164301               August 10, 2010


BANK OF THE PHILIPPINE ISLANDS, Petitioner,
vs.
BPI EMPLOYEES UNION-DAVAO CHAPTER-FEDERATION OF UNIONS IN BPI
UNIBANK, Respondent.

Facts:

1. Far East Bank and Trust Company was merged with Bank of the
Philippine Islands.
2. BPI has an existing union known as the BPI Employee’s Union by which
a CBA was already in place which contains a union shop clause.
3. The absorbed employees of FEBTC do not want to join the union. Hence,
said union exercised union shop clause which recommended for the
termination of their employment to the management.
4. The case was submitted for voluntary arbitration. Arbitration ruled
that FEBTC employees are not covered. However, said pronouncement was
reversed by CA ruling among others that absorbed employees are
covered by said CBA provision.

ISSUE:

WoN absorbed employees are covered by the CBA of an existing labor union
and may be compelled to join such without violating his right not to join?

Held:

SC affirmed CA. Absorbed employees are covered by the CBA of the existing
labor union.

All employees in the bargaining unit covered by a Union Shop Clause in


their CBA with management are subject to its terms. However, under law and
jurisprudence, the following kinds of employees are exempted from its
coverage, namely, employees who at the time the union shop agreement takes
effect are bona fide members of a religious organization which prohibits
its members from joining labor unions on religious grounds; employees
already in the service and already members of a union other than the
majority at the time the union shop agreement took effect; confidential
employees who are excluded from the rank and file bargaining
unit; and employees excluded from the union shop by express terms of the
agreement.

When certain employees are obliged to join a particular union as a


requisite for continued employment, as in the case of Union Security
Clauses, this condition is a valid restriction of the freedom or right not
to join any labor organization because it is in favor of unionism.
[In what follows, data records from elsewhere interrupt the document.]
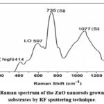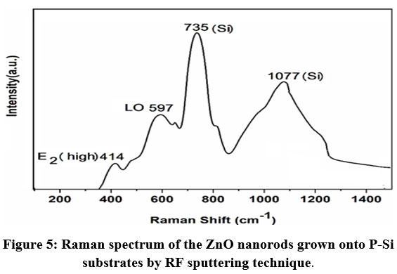 Figure. 5 displays the spectrum of the sputtered ZnO/nanorod layer onto P-Si substrate. Tow Raman shifts at 414 cm-1 and 597 cm-1 were seen for ZnO thin film. The peaks located at 414 cm-1 can be attributed to ZnO E2 (high)while the second on at 597 cm-1 is associated with A1 longitudinal optical (LO) mode. The shift of the E2 (high) from the standard value of the phono mode for the ZnO bulk material 437 cm-1 to was came from the tensile strain in the films, which is highly confirmed the XRD determination. O-vacancy and Zn interstitial are both generate the A1 (LO) phono mode, and the height of the intensity of this mode is direct proportional to these defects in the crystal ZnO thin film. The results also showed that tow Raman shifts at 735 cm-1 and 1077 cm-1 correlated to the P-Si substrate24.
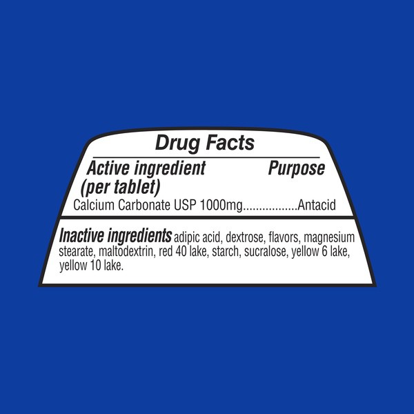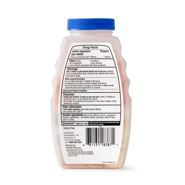 About This Item We aim to show you accurate product information. Manufacturers, suppliers and others provide what you see here, and we have not verified it. See our disclaimer Get fast-acting heartburn relief with Equate Ultra Strength Calcium Carbonate Antacid Chewable Tablets. Whether you've recently had a large meal or are simply sensitive to certain foods or beverages, these ultra-strength, tropical fruit-flavored antacid chewable tablets work to soothe your symptoms in seconds. A fruity taste helps each tablet go down smoothly and easily. The unique formula uses calcium carbonate to neutralize excess acid in the stomach, so you can get back to your day. The active ingredients in these antacid chewable tablets are comparable to those found in Tums Ultra Strength. Don't let painful heartburn hold back your day. Get the relief you need, right when you need it, with Equate Ultra Strength Antacid Chewable Tablets. The bottle features a contoured design for a firm grip while dispensing the amount you need. Making the right health decisions can be challenging. With a complete range of products and simple solutions, Equate allows you to take care of your family with confidence. Equate Ultra-Strength Antacid Tropical Fruit Chewable Tablets, 1000 mg, 160-Count: Relieves acid indigestion, heartburn and a sour stomach Fast-acting heartburn relief Tropical fruit flavors Long-lasting antacid barrier Antacid chewable tablets are easy to take Active ingredient (in each tablet): calcium carbonate USP 1000 mg Compare to Tums Ultra Strength active ingredients Curved and contoured bottle for an easy grip Suitable for adults and children ages 12 years and up
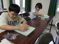 子供たちは、保護者の方と一緒に、自分の名前を、はがき程の大きさの紙に、己書のスタイルで自由に書いて楽しみました。
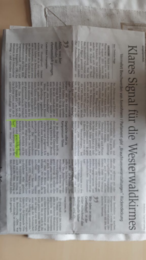 In einem Schreiben an die Gemeindevertretung äußerten die Anwohner ihr Unverständnis darüber, dass man statt einer erbetenen parlamentarischen Stellungnahme auf das Schreiben, erst in der heimischen Zeitung von parteiübergreifenden „Bekenntnissen“ für die Kirmes lesen musste. Dort sei vom dringend notwendigen Erhalt einer Brauchtumsveranstaltung die Rede. Die heutige Kirmes habe jedoch in der heutigen Form mit ihren traditionellen Wurzeln keine Gemeinsamkeit mehr. So läge auch die Lärmschwelle jenseits von gesetzlichen Normen und körperlichen Belastbarkeit.
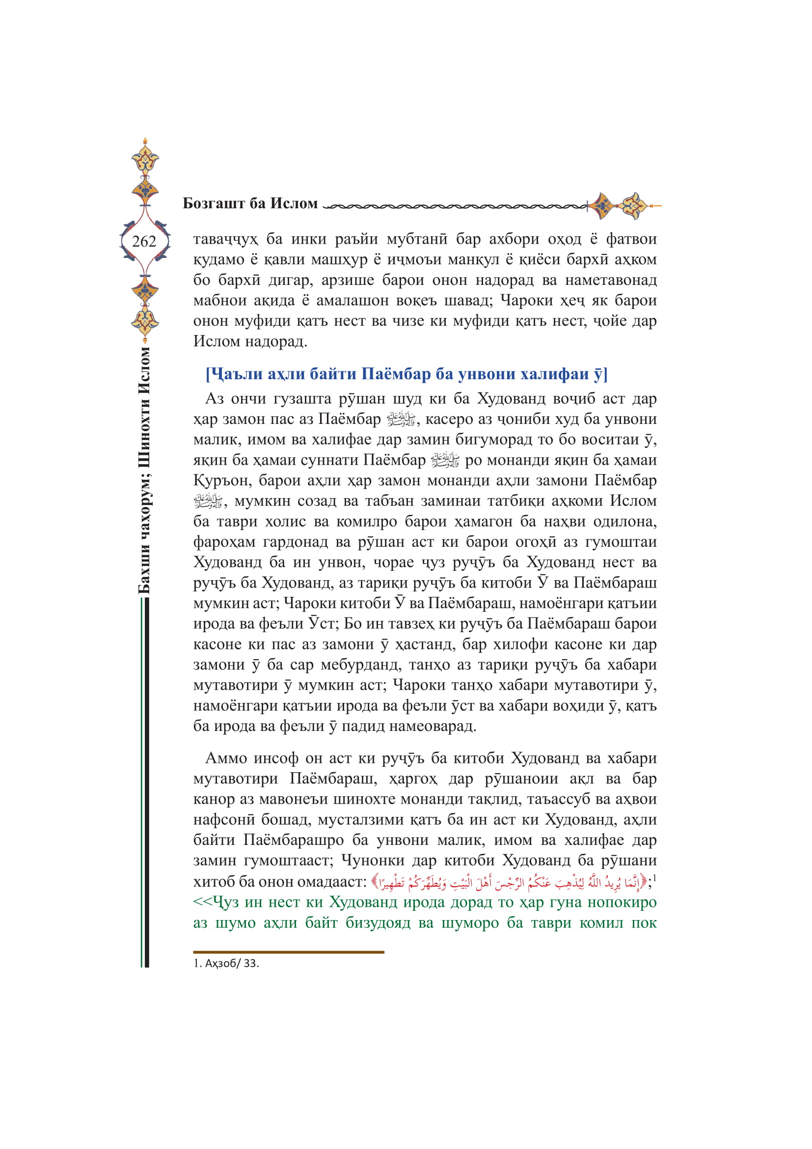 Аммо инсоф он аст ки руҷӯъ ба китоби Худованд ва хабари мутавотири Паёмбараш, ҳаргоҳ дар рӯшаноии ақл ва бар канор аз мавонеъи шинохте монанди тақлид, таъассуб ва аҳвои нафсонӣ бошад, мусталзими қатъ ба ин аст ки Худованд, аҳли байти Паёмбарашро ба унвони малик, имом ва халифае дар замин гумоштааст; Чунонки дар китоби Худованд ба рӯшани хитоб ба онон омадааст: ﴿إِنَّمَا يُرِيدُ اللَّهُ لِيُذْهِبَ عَنْكُمُ الرِّجْسَ أَهْلَ الْبَيْتِ وَيُطَهِّرَكُمْ تَطْهِيرًا﴾[1]; «Ҷуз ин нест ки Худованд ирода дорад то ҳар гуна нопокиро аз шумо аҳли байт бизудояд ва шуморо ба таври комил пок

This
Court, on occasion, has even held that a union security clause in a CBA is
not a restriction of the right of freedom of association guaranteed by the
Constitution.

Time and again, this Court has ruled that the individual employee’s right
not to join a union may be validly restricted by a union security clause in
a CBA49 and such union security clause is not a violation of the employee’s
constitutional right to freedom of association.